So back to the main question.
 
Libertarians are for voluntary action, always. It is because we are for society—a vibrant, active society—that we resist the expansion of state power.
 
It is because we are for giving people a chance to reach their full potential that we doubt the motives and effectiveness of government. Political coercion corrupts the human spirit; political leaders tell us they take our wealth for our own good, and political processes straitjacket independent thought—the essence of liberty.
 
We are for individuals, working together in complex, interconnected organizations they have designed in their efforts to solve problems. 
 
We are for liberty, for celebrating the infinite and infinitely varied capacities of the human mind. Libertarians are for a limitless sense of the possible, for the idea that for a society of truly free and responsible citizens, nothing is impossible. 
 
We are for a libertarian society, where a couple wakes up, in their own home, on land that they control, on property that they can defend with the help of their neighbors. This couple formed a bond, by mutual consent, without needing the license or endorsement of any outside agency. They send their children to schools that they have chosen, whose curriculum they endorse. When they go out to their cars, they don’t take an I.D. It’s no one’s business who they are, or where they are, so long as they initiate no violence and break no laws. They work in jobs they have trained for, and they enjoy the full fruits of that labor. They contribute to charities or work for causes they believe in, and they are not forced at gunpoint to support causes they loathe.
 
What do these schools, these jobs, these causes, look like?
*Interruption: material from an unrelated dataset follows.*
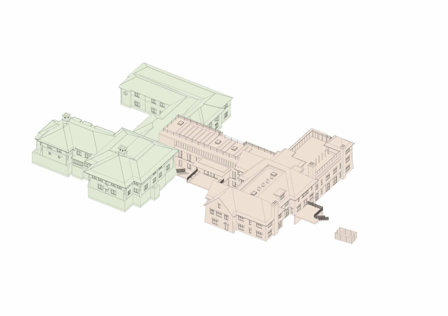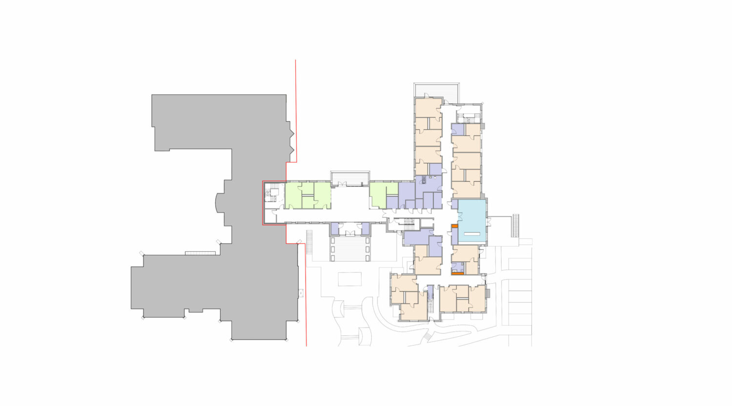 Braemar Lodge is a successful care home ran by Colten Care. We were asked to come up with an efficient way to extend the care home and bring it up to modern standards. Our solution was to connect into the existing care home mid way along the existing building, where there was a glazed link and we could connect directly into the circulation of the building. Our new wing can then become part of the home without causing the kind of disruption to the existing care home as might be expected from such a major extension.

What will people do? I have no clue. Each person will come up with a plan and try to carry it out, given his or her own goals, abilities, and vision of joy. Isn’t it arrogant to think that I could know what people will seek? Wouldn’t it be despotic to think that I have to know before people are allowed to try?
 
We are for each American. We are for families. And we are for groups of people working together to solve problems, serving their consciences and their own goals. We are for responsibility, and choices, not because people need to be more selfish but because they need to feel they have the power to act and the compass to achieve. 
 
Only our movement can give America back the most sacred bequest—liberty.